The professional education system of the Chartered Institute of Personnel and Development
(CIPD) plays a major role in defining the accepted discourse of the profession, the rather
disparate bag of practices that have almost by default become the responsibility of the profession
could be questioned and subjected to critical examination. The overall ethical stance of
practitioners is also rarely discussed, being a kind of invisible acceptance of the managerialist,
efficiency meta-narrative drives everything.
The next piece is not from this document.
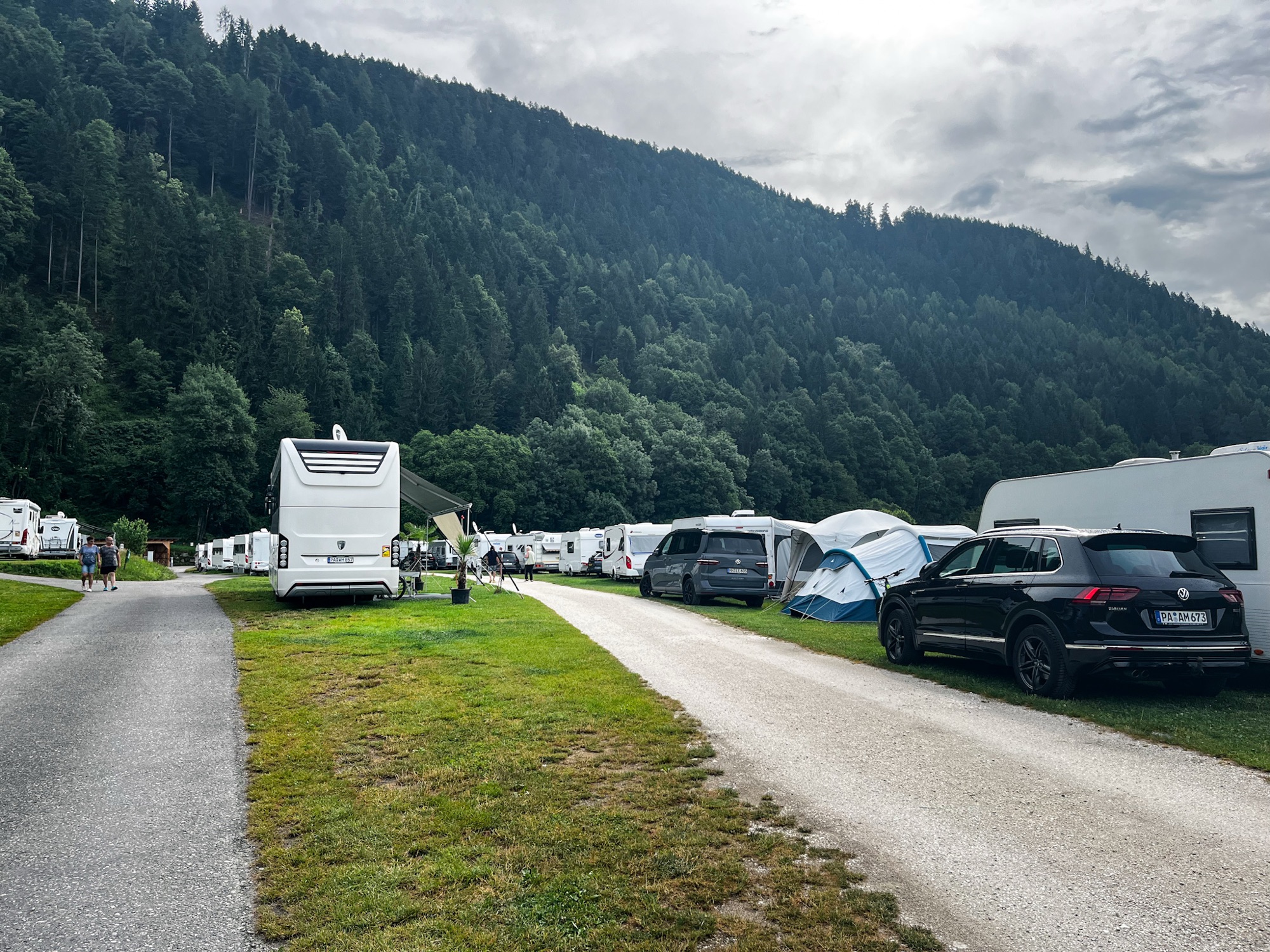 Mein heutiges Domizil ist der Campingplatz. An der Rezeption warte ich geduldig bis ich an der Reihe bin. Währenddessen vernehme ich Heimatklänge. In feinstem Sächsisch erklärt der Rezeptionist dem Gast vor mir, wo er den Stromanschluss seines Wohnwagens reparieren lassen kann. Ein wenig freue ich mich über den vertrauten Zungenschlag. Dann bin ich an der Reihe. „Ich würde gern für eine Nacht bleiben.“ – „Bloß eine Nacht? Wie groß ist das Fahrzeug?“ fragt der Rezeptionist. „Kein Auto. Ich bin zu Fuß auf einer Alpenüberquerung.“ – „Oh, wie lange dauert das denn?“ – „So ca. dreieinhalb Monate, wenn ich es schaffen sollte,“ antworte ich. „Aha. Na das muss man sich auch leisten können. Da könnte ich mir einen neuen Job suchen, wenn ich meinem Chef sage, ich bin dreieinhalb Monate weg,“ setzt er mürrisch in breitem Sächsisch fort. Die Schwingungen der latenten Unzufriedenheit liegen direkt in der Luft. Jetzt, weiß ich auch wieder, was ich an zu Hause nicht vermisse.

The concept of habitus (Bourdieu and Wacquant
1992;120) applies to the way that practices ‘become at home with themselves’ (Usher et al
1997;59). The habitual practices that are so comfortably a part of an uncritical HRD role are the
personnel habitus As Brubaker puts it, ‘The habitus determines the manner in which problems
are posed, explanations constructed, and instruments employed.’ (Brubaker 1993;213). If the
HRD practitioner is going to expand their view of what is possible from within an HRD role and
change their practices to reflect this, then a major hurdle that needs to be explored is their own
self imposed limits on the role of the HRD profession and this may be reinforced within the
academic arena.
Another consideration to reviewing the role of an HRD practitioner is the way in which they and
their role can be inscribed and objectified (defined in a limiting way) by others in the
organisation. Lyotard provides the concept of ‘the differend’ to explain the difficulties in
gaining acceptance for new ideas that fall outside of the accepted discourse. The differend is the
name Lyotard uses to describe the shutting out of one player from a ‘language game’ The
concept of a ‘language game’ is derived from Wittgenstein. This shutting out phenomena occurs
where there are no agreed rules for the introduction of something new to the game. This could
be a new rule, a new idea, principle or grievance. The differend is the impossibility of giving
expression to an injustice, as it is rendered invisible. This has implications for HRD
practitioners trying to introduce new concepts and values to an organisation.
Many of the issues that I have explored in this paper are complex and pose as many questions as
they provide answers. The aim of the paper is not to offer a prescription, but to stress the
importance of actively exploring and working with the complexities and contradictions with
HRD. In this respect therefore, the issues unveiled within the paper are likely to generate
additional uncertainties in ‘What’s not being talked about’ in the design and process of HRD.
However, it is important that our own hesitancies and anxieties about working with these
differences (power, conflict, authority, emotion) do not impede such a process because, as
educators and practitioners, we encounter these ambiguities in the workplace every day.